● **Assigned task**
Reproduce from the records below, with no pictures, exactly the lines between the one containing "The Cleaners Award" and the one containing "BELVA ANN LOCKWOOD.", inclusive.

------ Input records

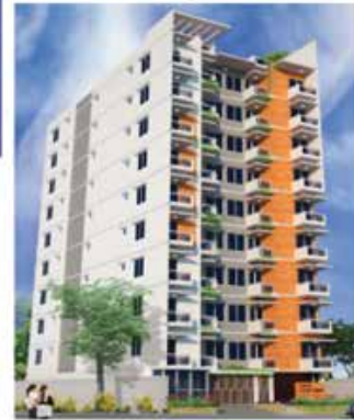
B2 + G + 9 Storied
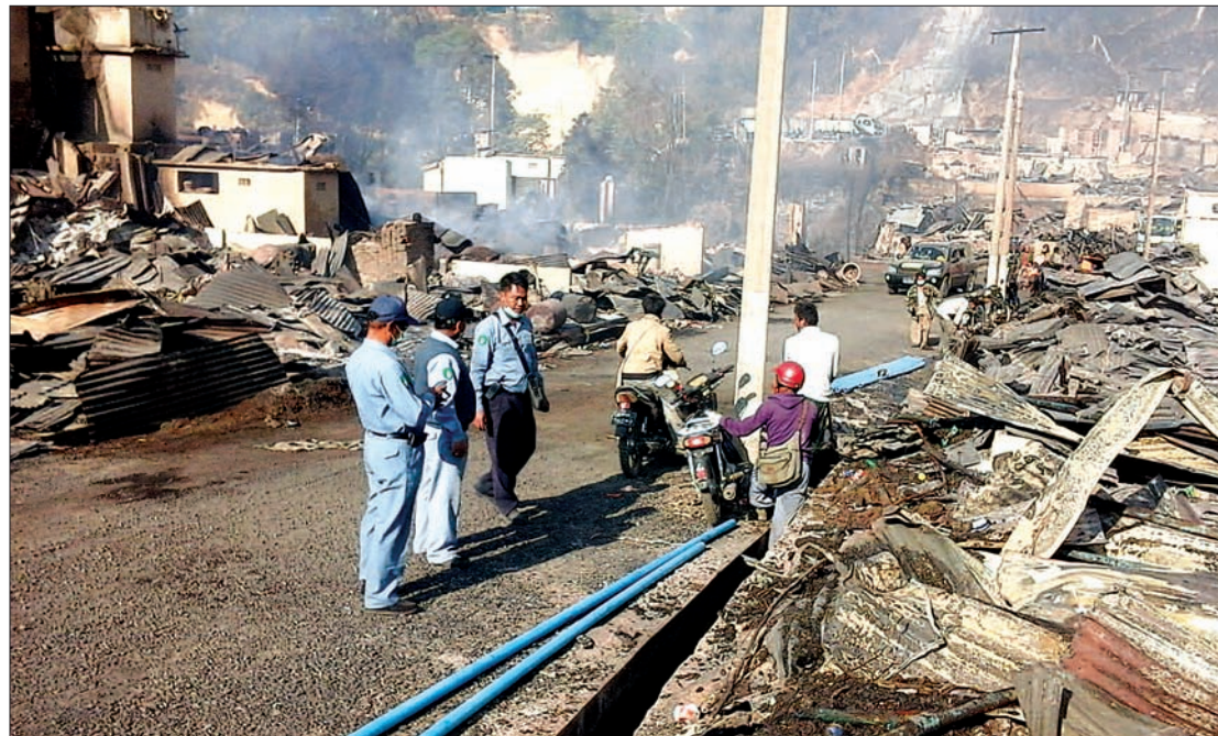
Officials of State Development Affairs Department (Branch) laying the pipes for drinking water in Namhsan.

FIRE victims in Namhsan Township, Shan State, who previously faced a water shortage, have been given access to clean water as of 6 February thanks to the efforts of departmental officials and staff.
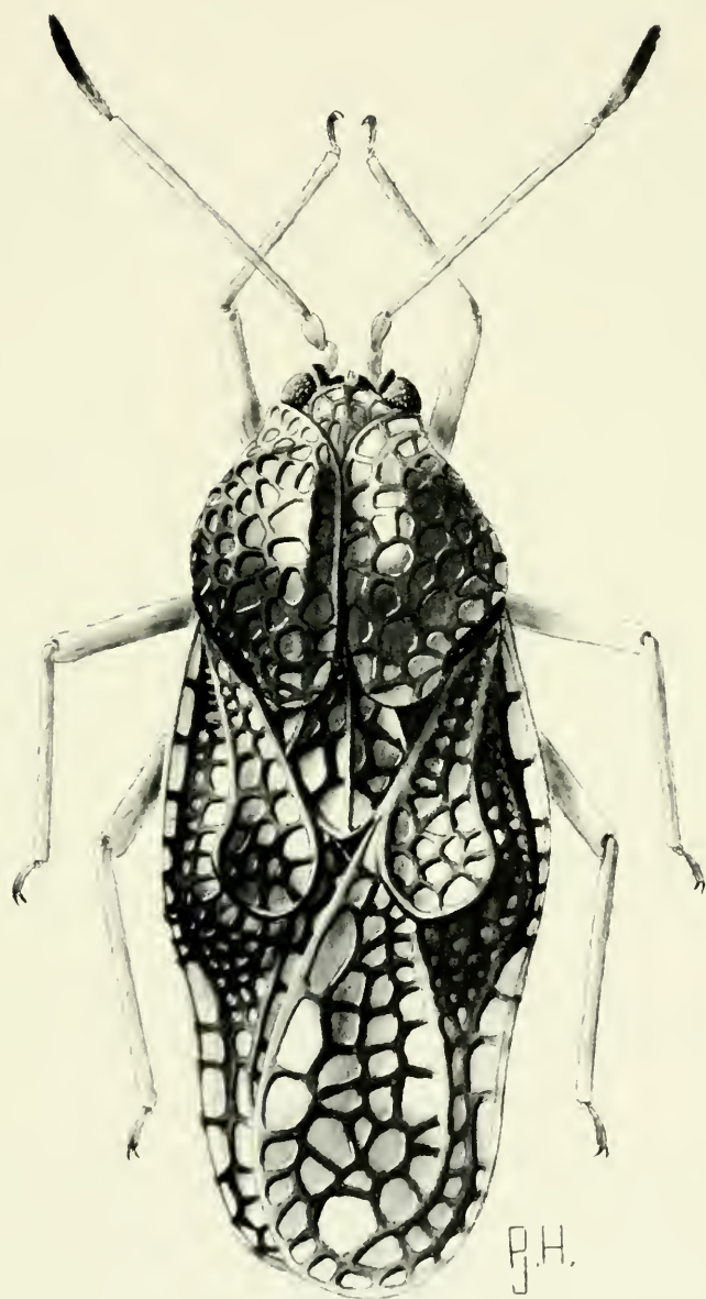
Fig. 1. Naochila arete , n. sp.
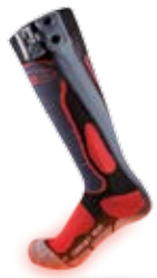
POWERSOCK COMFORT HEAT MEN

SIZE ART.-NO. 35-36 T01-0500-002_01 37-38 T01-0500-002_02 39-40 T01-0500-002_03 41-42 T01-0500-002_04
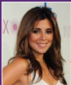
Jamie-Lynn Sigler styled by FHI Heat

Step 4. As the final touch, Ruth used FHI Heat's 1 1/4" Curling Iron with a touch more Hot Sauce run through the ends of Jamie's hair. The result: Soft and wavy, beach-inspired hair - made effortless by FHI Heat .
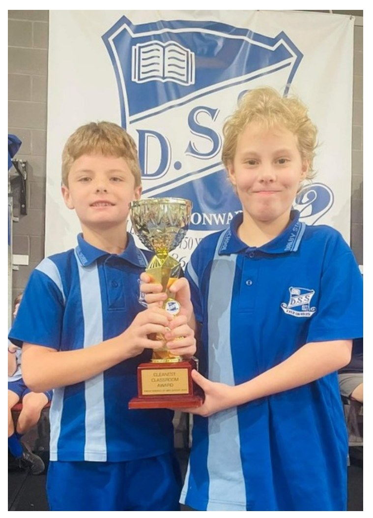
The Cleaners Award for the cleanest classroom in Week 1 has been awarded to
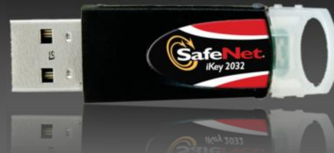
SafeNET iKey™ 2032 USB Cryptographic security comes as standard for all PersonalSign and PersonalSign professional solutions – Portable/Flexible/Reliable

Enterprise PKI Lite (from Q2 2009) for includes options for an Enterprise to manage the full life-cycle of Digital IDs issued under their organization name. i.e. Individual signing USB tokens or central-based credentials for either role-based signings or server held individual Digital IDs. Distributed implementations involve providing organization administrators (acting as the organization registration authority) a bulk shipment of Safenet USB tokens which work in conjunction with Acrobat Standard/Professional/3D. Centralized, server-based implementations work with SafeNet hardware security modules (optionally sold) that are highly integrated with Adobe’s LiveCycle Enterprise Server suite. The net result is a highly automated solution with robust signing functionality.
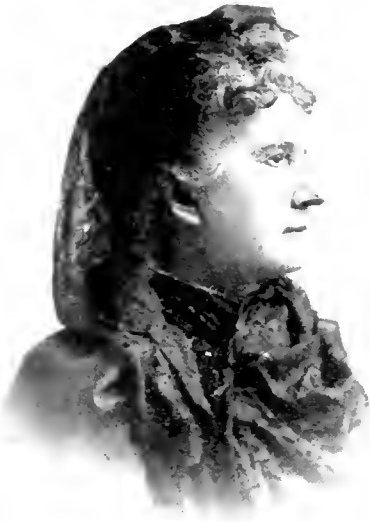
BELVA ANN LOCKWOOD.

women to the bar, she was, on 23rd September, 1873, admitted to the bar of the supreme court, the highest court in the District. She at once entered into the active practice of her profession, which she still continues after nineteen years of successful work. For about thirteen years of that time Mrs. Lockwood was in court every court-day and engaged in pleading cases in person before the court. In 1875 she applied for admission to the Court of Claims. Her admission was refused on the ground, first, that she was a woman, and, second, that she was a married woman. The contest was a bitter one, but sharp, short and decisive. In 1876 Mrs. Lockwood's admission to the bar of the United States Supreme Court was moved. That motion was also refused on the ground that there were no English precedents for the admission of women to the bar. It was in vain that she pleaded that Queens Eleanor and Elizabeth had both been Supreme Chancellors of the Realm, and
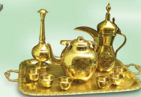
Gilded coffee service from the Managing Director of the Shahnoor Tanneries Mill, Lahore, Pakistan, in February 1982
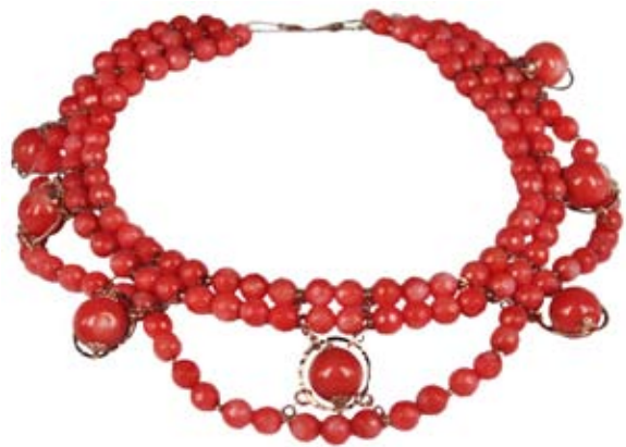
Collier in silver with red agates by Loredana Corbo
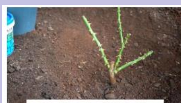
Step Twelve: Backfill the hole Finish filling the hole with the remainder of the soil. Gently firm down the soil.
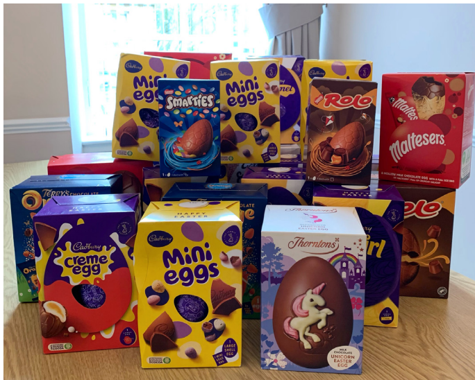
Photograph of Easter Egg Donation, above

Donations like this is a further example of the positive working relationships we have with Partick Job Centre and make a big difference to our service.
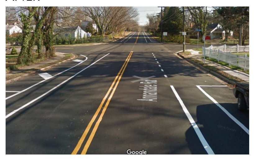
Top speeds virtually eliminated
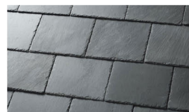
CHINESE OR SPANISH SLATE
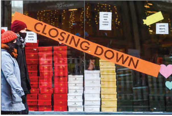
A couple wearing face masks walks past shop windows with ‘Closing Down’ stickers in Dublin, Ireland.

The FSB, meanwhile, said that Britain’s financial support measures
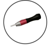
Láser CO2 para cirugía
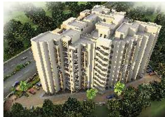
Arihant Sai Residency | Jaisinghpura | Ajmer Road
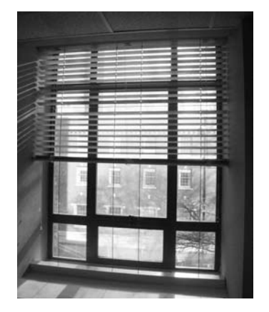
FIGURE 4 Used in conjunction with glazing film, blast blinds retain historic windows while providing improved thermal efficiency and blast protection. Supporting cables are anchored at the top and bottom of the window frame, so blinds can be opened and closed, not raised or lowered. (GSA)

Some storm window products have size constraints that may require designing multiple storm windows with carefully aligned muntins for windows exceeding a given size threshold. The ability of the existing window frame to support added storm sash containing laminated glass must also be confirmed. Some frames will require structural reinforcement. Sash access for cleaning and maintenance must also be considered.
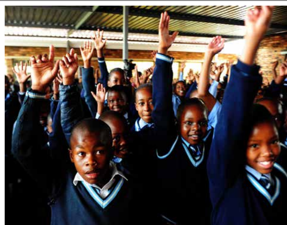
The Learn English Audio Project will help learners to improve on their literacy, listening and speaking skills.

of many first year students at universities," she explained.
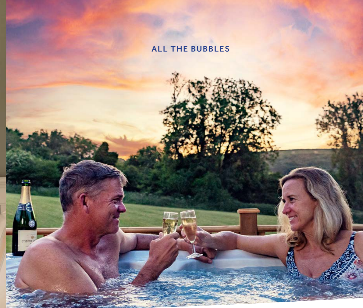
ALL THE BUBBLES
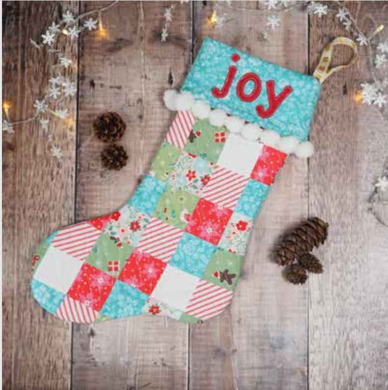
Finished size; 27cm length *43cm height Designed by Debbie von Grabler-Crozier, The Folk Art Factory
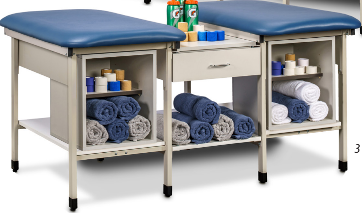
31703-2 Two Stations

------------

● **Result of this task**
The Cleaners Award for the cleanest classroom in Week 1 has been awarded to
SafeNET iKey™ 2032 USB Cryptographic security comes as standard for all PersonalSign and PersonalSign professional solutions – Portable/Flexible/Reliable

Enterprise PKI Lite (from Q2 2009) for includes options for an Enterprise to manage the full life-cycle of Digital IDs issued under their organization name. i.e. Individual signing USB tokens or central-based credentials for either role-based signings or server held individual Digital IDs. Distributed implementations involve providing organization administrators (acting as the organization registration authority) a bulk shipment of Safenet USB tokens which work in conjunction with Acrobat Standard/Professional/3D. Centralized, server-based implementations work with SafeNet hardware security modules (optionally sold) that are highly integrated with Adobe’s LiveCycle Enterprise Server suite. The net result is a highly automated solution with robust signing functionality.
BELVA ANN LOCKWOOD.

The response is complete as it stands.